Abstract
Background
Malnutrition is a less commonly recognized risk factor for various infections. It encompasses both undernutrition or protein-energy malnutrition (PEM) and overnutrition, including obesity. This study aimed to evaluate whether PEM impacts bacterial pneumonia (BP) and, if so, to quantify the degree of impact on inpatient outcomes.
Methods
This was a retrospective cohort study involving adult hospitalizations for BP using the nationwide inpatient database. Outcomes included comparing inpatient mortality, total hospital charges, length of hospital stay, as well as complications from bacterial pneumonia.
Results
The in-hospital mortality for adults with BP was 2.62%. Patients with PEM had a higher adjusted odds ratio (aOR) of inpatient mortality (adjusted odds ratio (aOR): 2.31, 95% confidence interval (CI): 2.14 - 2.48, p<0.001) as compared to non-PEM patients. PEM was also associated with higher odds of sepsis (aOR: 2.24, 95% CI: 2.04 - 2.46, p<0.001), septic shock (aOR: 3.29, 95% CI: 2.82 - 3.85, p<0.001), requiring mechanical ventilation (aOR: 2.51, 95% CI: 2.31 - 2.71, p<0.001), requiring vasopressors (aOR: 2.90, 95% CI: 2.20 - 3.83, p<0.001), acute respiratory distress syndrome (ARDS) (aOR: 1.63, 95% CI: 1.33 - 2.00, p<0.001), acute kidney failure (AKI) (aOR: 1.24, 95% CI: 1.18 - 1.29, p<0.001), deep vein thrombosis (DVT) (aOR: 1.80, 95% CI: 1.62 - 2.00, p<0.001), and pulmonary embolism (PE) (aOR: 1.25, 95% CI: 1.08 - 1.45, p=0.003).
Conclusion
The study concluded that PEM was an independent mortality predictor for those with BP, with an increased risk of systemic complications, as well as increased healthcare utilization costs.
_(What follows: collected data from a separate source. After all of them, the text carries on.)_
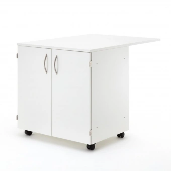 Der RMF Rollschrank mit zwei Türen ist der ideale Aufbewahrungsplatz für größeres Nähzubehör wie Vliese, Stoffe und Garnboxen. Die Arbeitsfläche lässt sich bei den EXTEND-Möbeln um das doppelte erweitern, sodass eine Gesamttiefe von 1000 mm entsteht. Die Erweiterungsplatte wird von hinten hoch geklappt und mithilfe einer herausklappbaren Stütze stabil gehalten. Der Schrank mit zwei Türen lässt sich perfekt mit weiteren Möbeln aus der EXTEND-Serie nach rechts oder links erweitern oder kann als einzelnes Möbelstück im Nähzimmer aufgestellt werden.
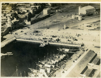 Vista aérea de la bahía de las Ánimas y el Muelle de los Pegasos. a un costado se pueden ver las barquetonas de vela que surtían de víveres al mercado de Getsemaní.En primer plano el mercado público de Getsemaní, Muelle de la Bodeguita. También está en el ángulo superior derecho de la foto la estación del ferrocarril Cartagena Calamar, en lo que hoy es La Matuna.
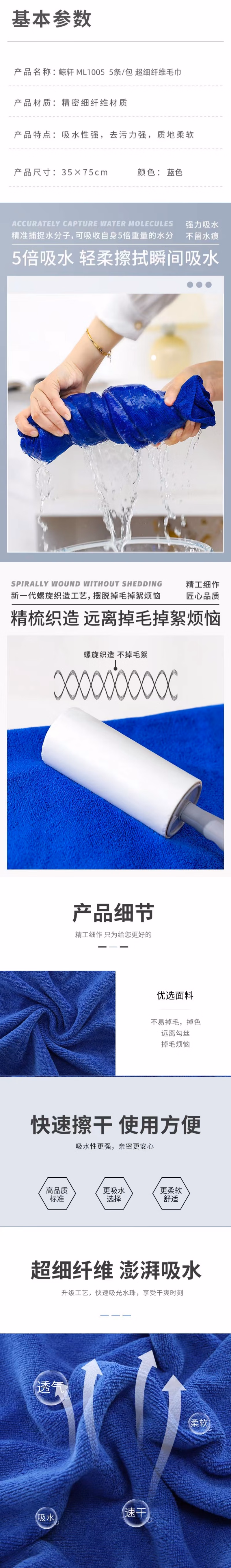鲸轩 ML1005 35*75cm 超细纤维 毛巾 5.00 条/包 (计价单位:包) 蓝色
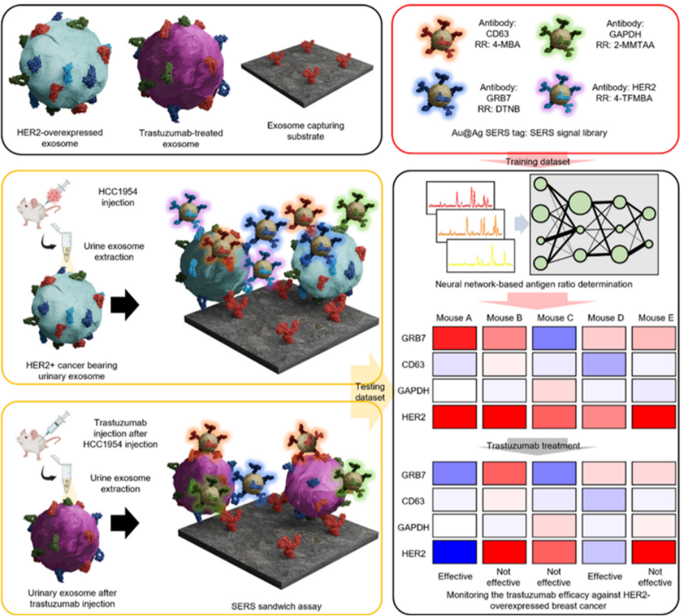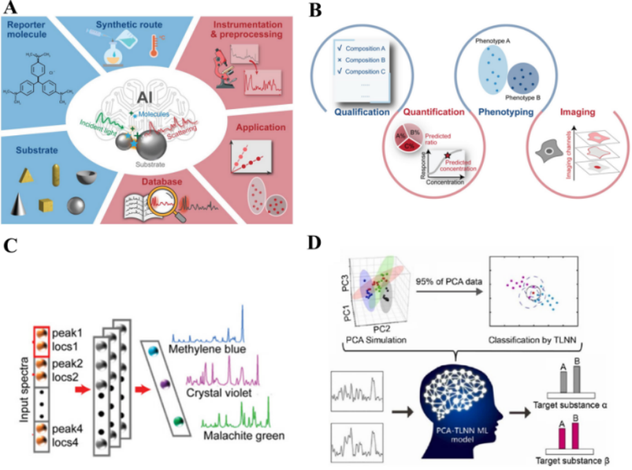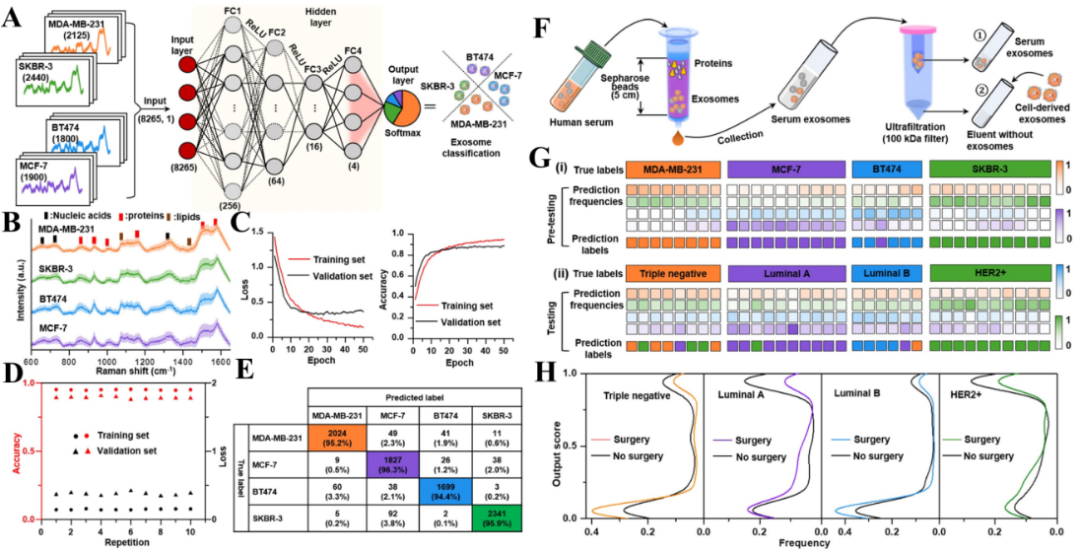 乳腺癌亚型种类较多,且相关肿瘤细胞系复杂,SERS技术可针对乳腺癌不同分子亚型的疗效进行有效评估。乳腺癌的分子分型通常依据雌激素受体(Estrogen receptor,ER)、孕激素受体(Progesterone receptor,PR)和人表皮生长因子受体-2(Human epidermal growth factor receptor 2,HER2)的表达情况进行评估。ER和PR在约75%的乳腺癌中表达,它们是激素治疗的预后标志物,其表达为阳性通常显示具有较低的侵袭性。HER2过度表达的乳腺癌约占15%,其侵袭性较强,但对HER2靶向治疗反应较好。其余10%~15%的乳腺癌为三阴性乳腺癌(Triple negative breast cancer,TNBC),这种类型缺乏ER、PR和HER2的表达,通常为高级别,且预后较差。激素受体阳性乳腺癌(ER+/PR+)对激素治疗(如选择性雌激素受体调节剂他莫昔芬、芳香化酶抑制剂来曲唑)响应良好。SERS可通过检测雌激素代谢物、ER表达或相关基因(ESR1)突变,识别耐药风险并辅助调整方案。HER2阳性乳腺癌,对靶向药物(如曲妥珠单抗、帕妥珠单抗)更为敏感,SERS可用于动态检测HER2、CTCs表达变化,评估是否适合抗体-药物偶联物(antibody-drug conjugate,ADC)治疗。在转移性乳腺癌伴随诊断中,监测药物疗效至关重要,针对HER2过表达的小鼠尿液外泌体发展了一种基于SERS免疫分析的深度学习辅助曲妥珠单抗疗效的监测方法(图6)。利用SERS-深度学习分析检测了五种细胞来源外泌体的抗原水平,从而分析监测药物疗效。图6 用于监测曲妥珠单抗在乳腺癌患者中的疗效的外泌体生物标志物的深度学习辅助SERS免疫测定的示意图乳腺癌转移与肿瘤细胞表面标志物及微环境密切相关,目前临床仍面临灵敏度不足和治疗评估困难的问题。为此,研究者开发了一种金银核壳纳米探针,通过靶向抗体和拉曼报告分子的修饰,实现了对肿瘤标志物的高灵敏度检测。在乳腺癌异种移植模型中,探针通过全身给药方式成功实现肿瘤标志物的动态监测,为治疗效果评估和手术切除范围确定提供了分子影像学依据。由于微小肿瘤切除不彻底,乳腺肿瘤手术常常面临术后致命性复发的风险。如能精确勾画肿瘤边缘并在术中实时清除微小肿瘤病灶,从而彻底切除肿瘤,将显著改善手术疗效,且降低肿瘤复发概率。基于靶向HER2的适配体构建的SERS探针具有超高检测灵敏度,且能显著抑制HER2的表达和细胞增殖,进而利用光热消融肿瘤细胞。在HER2阳性乳腺肿瘤小鼠模型中,可通过SERS成像引导手术切除和术中实时光热消除,能有效抑制肿瘤复发。保乳手术因其创伤小和美容效果好,成为乳腺癌患者的理想选择,但肿瘤切除不完全常导致复发。基于SERS的手术策略,能精确标定肿瘤边缘并实时消除显微肿瘤,确保肿瘤的完全切除,避免局部复发(图7)。该策略通过靶向HER2的SERS探针,结合高灵敏度检测、细胞增殖抑制和光热消融功能,在HER2阳性乳腺肿瘤小鼠模型中取得了100%的无瘤生存率,预示该方法有望提高HER2阳性乳腺癌患者的生存率。图7 表面增强拉曼散射成像引导的乳腺癌转移诊疗:(A) SERS成像引导手术流程图,包括术前肿瘤边缘勾画指导保乳手术、术中SERS检测以及实时光热消除手术床残留的微观肿瘤病灶三部分;(B) SERS探针结构示意图:以等离子金纳米星(AuSt)为核心,表面包裹对硝基苯硫酚(p-NTP)拉曼分子层,外层覆以二氧化硅壳层,最终通过HER2特异性适配体(HApt)实现靶向功能化;(C) SERS探针在HER2阳性乳腺癌荷瘤小鼠体内通过静脉给药后,借助增强渗透与滞留(EPR)效应及适配体HApt介导的主动靶向机制在肿瘤部位富集SERS成像技术还可与治疗手段相结合,构建“诊疗一体化”系统,为乳腺癌的精准治疗和疗效评估提供新路径。通过在贵金属纳米颗粒表面修饰特异性靶向配体(如抗体、适配体)以及治疗分子(如光敏剂或化疗药物),可构建具有成像与治疗双重功能的SERS探针。这类探针不仅能够实现肿瘤组织的高灵敏、特异性定位和实时拉曼成像,还可在激光照射下激发治疗反应,完成光动力治疗(Photodynamic therapy,PDT)或光热治疗(Photothermal therapy, PTT),实现对肿瘤细胞的精准消融。近年来,人工智能(Artificial Intelligence,AI)技术的迅猛发展为复杂的SERS光谱数据分析提供了全新思路。借助深度学习、机器学习和模式识别等先进算法,AI能够高效从高维、复杂的SERS光谱中自动提取关键特征,显著提升数据处理效率与诊断准确率。更重要的是,AI可整合患者的多组学信息(如基因组、转录组、代谢组等),构建个体化风险评估与预后预测模型,为制定精准治疗策略提供坚实的数据支撑。AI算法在光谱背景校正、信号去噪及分类识别方面也表现出优越性能,特别是在区分良恶性病灶、识别乳腺癌分子亚型及追踪治疗响应过程中展现出巨大潜力。如图8所示,随着多功能纳米材料的不断优化、AI分析技术的深入融合以及临床大数据的积累,基于SERS的人工智能平台有望成为乳腺癌转移诊断与疗效评估的重要组成部分,助力精准医疗落地临床。基于SERS与人工神经网络(Artificial neutral network,ANN)相结合的外泌体分析方法,用于乳腺癌分子分型识别与术后疗效评估。首先采集了来自四种代表性的乳腺癌细胞系所分泌的外泌体包括MDA-MB-231(三阴性乳腺癌)、MCF-7(Luminal A)、BT474(Luminal B)和SKBR-3(HER2+)。如图9(A~E)所示,获取共计8265组SERS光谱数据,这些数据用于ANN模型的训练与验证,训练集与验证集按8∶2比例划分,并引入交叉验证和早停策略,以降低过拟合风险并提升模型的泛化
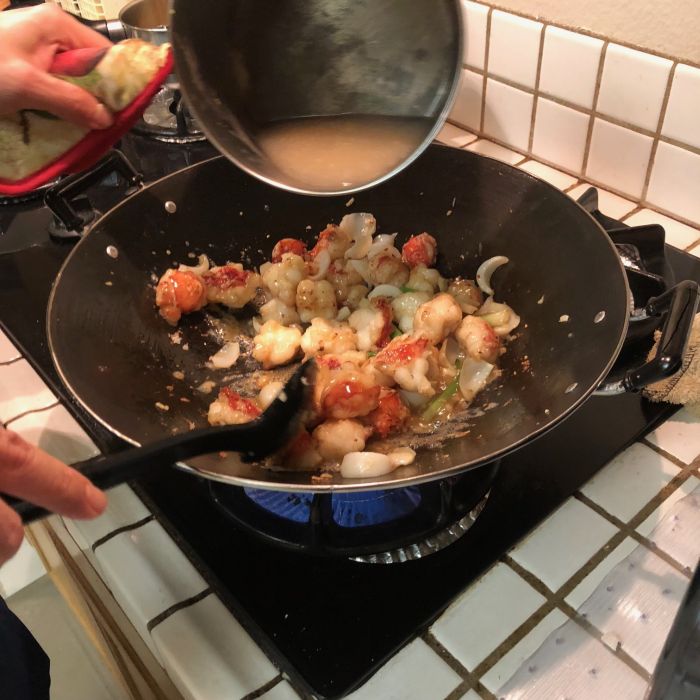 - Return the lobster to the pan. Stir-fry to heat through, 1 to 2 minutes. Give the seasoned stock a stir, then pour into the wok. Stir to combine. When things start bubbling soon, add the remaining green onion sections. Cook until barely or just wilted then remove from the heat. Transfer to a plate and serve immediately.
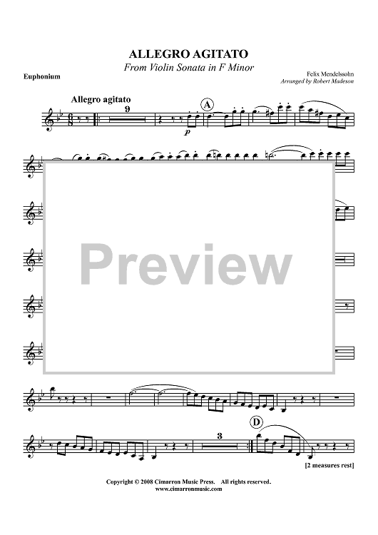 Digital Sheet Music for Allegro Agitato - from Violin Sonata in F Minor - Euphonium BC/TC by Felix Mendelssohn, Robert Madeson scored for Euphonium/Piano; id:416920
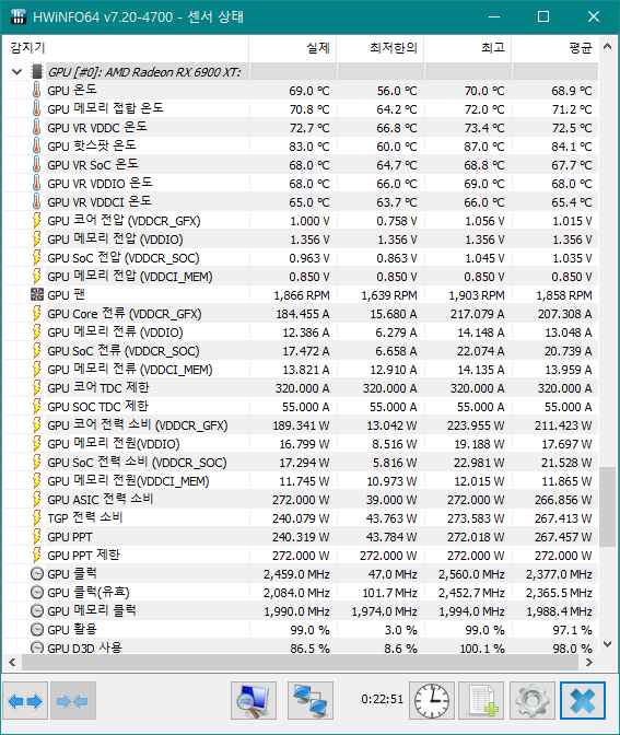 오버클럭은 전압 1.175V / GPU 클럭 2600 ~ 2700 / VRAM 타이밍 빠름 / VRAM 클럭 2150MHz... 정도로 확인해봤는데 별 다른 성능 향상이 없거나 되레 내려간다
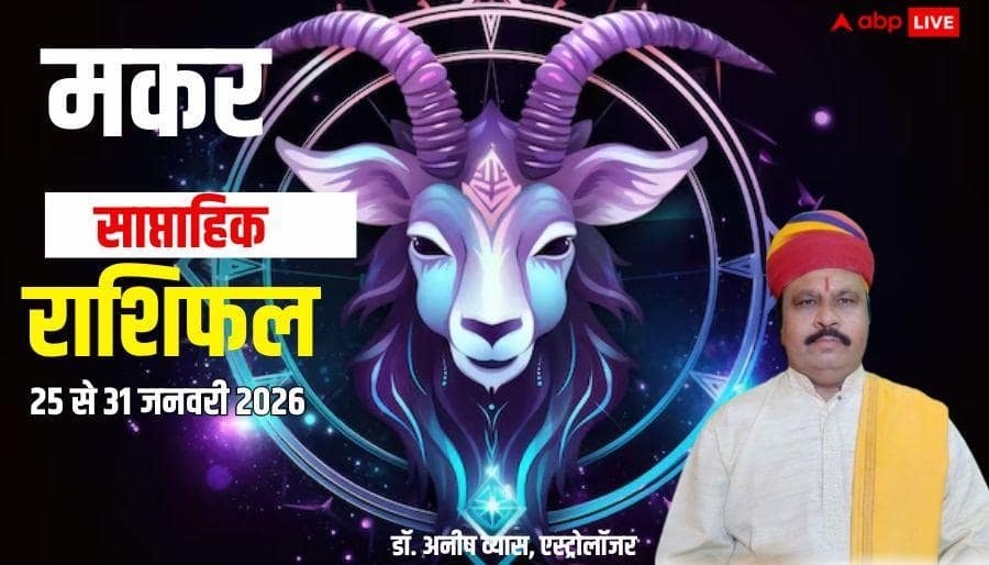 Makar Weekly Horoscope 2026 (25 to 31 January): जनवरी 2026 महीने का यह नया सप्ताह 25 से 31 जनवरी का समय मकर राशि के करियर, कारोबार, आर्थिक स्थिति, पारिवारिक व प्रेम जीवन और सेहत आदि के लिए यह सप्ताह कैसा रहेगा. मकर राशि वाले यहां पढ़ें अपना पूरा साप्ताहिक राशिफल.
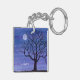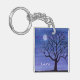 A watercolor painting of a lovely tree silhouetted under a full moon adorns this customizable keychain!
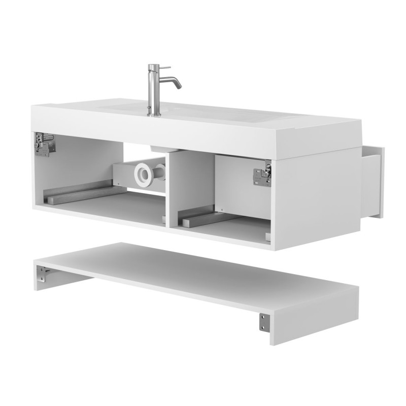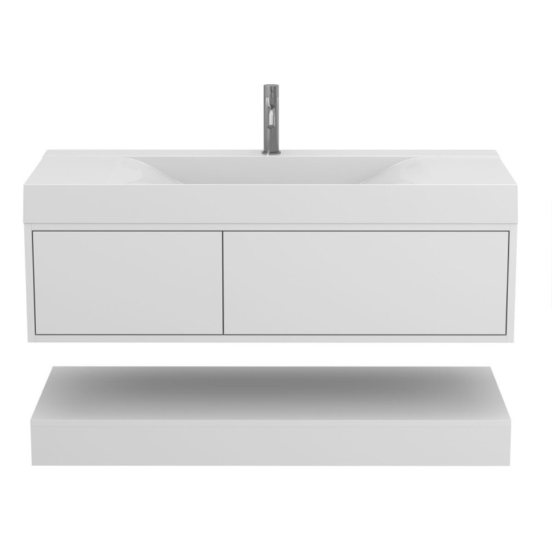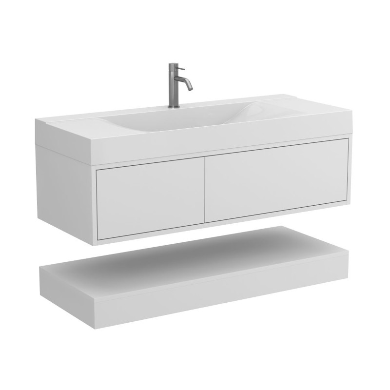 Тумба підвісна DUO Біла з умивальником FLY 1200 від бренду MIRAGGIO — практичне та стильне рішення для ванної кімнати дому, готелю чи апартаментів.

Keywords: community acquired pneumonia, protein energy malnutrition (pem), respiratory bacteria, morbidity and mortality
Introduction
Community-acquired pneumonia (CAP) is defined as an acute infection of the lung parenchyma acquired outside of the hospital. In the United States, pneumonia accounts for over 1.2 million emergency room visits annually [1]. Risk factors for pneumonia include older age, diabetes mellitus, chronic lung diseases (e.g., asthma, chronic obstructive pulmonary disease, bronchiectasis), heart failure, smoking, and alcohol use. CAP may have bacterial or viral causes [2].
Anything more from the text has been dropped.